The parse_urlquery function parses a URL query string and returns a dynamic object containing the query parameters as key-value pairs. Use this function to extract and analyze query parameters from URLs in logs, API requests, or web traffic data.

For users of other query languages

If you come from other query languages, this section explains how to adjust your existing queries to achieve the same results in APL.

In Splunk SPL, you use rex or URL parsing to extract query parameters. APL's parse_urlquery provides structured query string parsing.

```sql Splunk example | rex field=url "\\?(?.*)" | eval params=split(query_string, "&") ```
['sample-http-logs']
| extend params = parse_urlquery(uri)

In ANSI SQL, query string parsing requires complex string manipulation. APL's parse_urlquery provides native parsing.

```sql SQL example SELECT SUBSTRING(url, POSITION('?' IN url) + 1) AS query_string FROM logs; ```
['sample-http-logs']
| extend params = parse_urlquery(uri)

Usage

Syntax

parse_urlquery(query_string)

Parameters

Name Type Required Description
query_string string Yes A URL query string (with or without the leading '?') to parse.

Returns

Returns a dynamic object containing the query parameters as key-value pairs.

Use case examples

Extract and analyze query parameters from API requests to understand search patterns and filter usage.

Query

['sample-http-logs']
| extend parameters = parse_urlquery('page=1&limitation=50&sort=date')
| extend page = toint(parameters.page)
| extend limitation = toint(parameters.limitation)
| extend sort = tostring(parameters.sort)
| summarize request_count = count() by page, limitation, sort
| sort by request_count desc
| limit 10

Run in Playground

Output

page limit sort request_count
1 50 date 8765

This query parses query parameters from API requests to analyze pagination and sorting preferences.

Extract query parameters from HTTP spans to analyze API query patterns.

Query

['otel-demo-traces']
| extend query_string = '?user_id=12345&action=checkout&currency=USD'
| extend params = parse_urlquery(query_string)
| extend user_id = tostring(params.user_id)
| extend action = tostring(params.action)
| extend currency = tostring(params.currency)
| summarize span_count = count() by action, currency
| sort by span_count desc
| limit 10

Run in Playground

Output

action currency span_count
checkout USD 8765

This query extracts query parameters from span data to analyze user actions and currency usage patterns in a distributed system.
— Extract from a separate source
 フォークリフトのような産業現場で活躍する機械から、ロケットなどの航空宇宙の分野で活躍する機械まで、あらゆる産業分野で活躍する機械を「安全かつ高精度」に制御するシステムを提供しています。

Detect potential SQL injection or XSS attacks by analyzing suspicious query parameters.

Query

['sample-http-logs']
| extend query_params = parse_urlquery('search=<script>&id=1 OR 1=1')
| extend search_param = tostring(query_params.search)
| extend id_param = tostring(query_params.id)
| extend has_script = indexof(search_param, '<script>') >= 0
| extend has_sql = indexof(id_param, 'OR') >= 0
| where has_script or has_sql
| project _time, uri, search_param, id_param, has_script, has_sql, id, ['geo.country']
| limit 10

Run in Playground

Output

_time uri search_param id_param has_script has_sql id geo.country
2024-11-06T10:00:00Z /search <script> 1 OR 1=1 true true user123 Unknown

This query parses query parameters from failed requests and checks for injection attack patterns, helping identify potential security threats.

  • parse_url: Parses complete URLs into all components. Use this when you need more than just query parameters.
  • url_decode: Decodes URL-encoded strings. Use this to decode individual query parameter values.
  • split: Splits strings by delimiters. Use this for simpler query string tokenization without key-value parsing.
  • parse_json: Parses JSON strings. Use this when working with JSON data rather than URL query strings.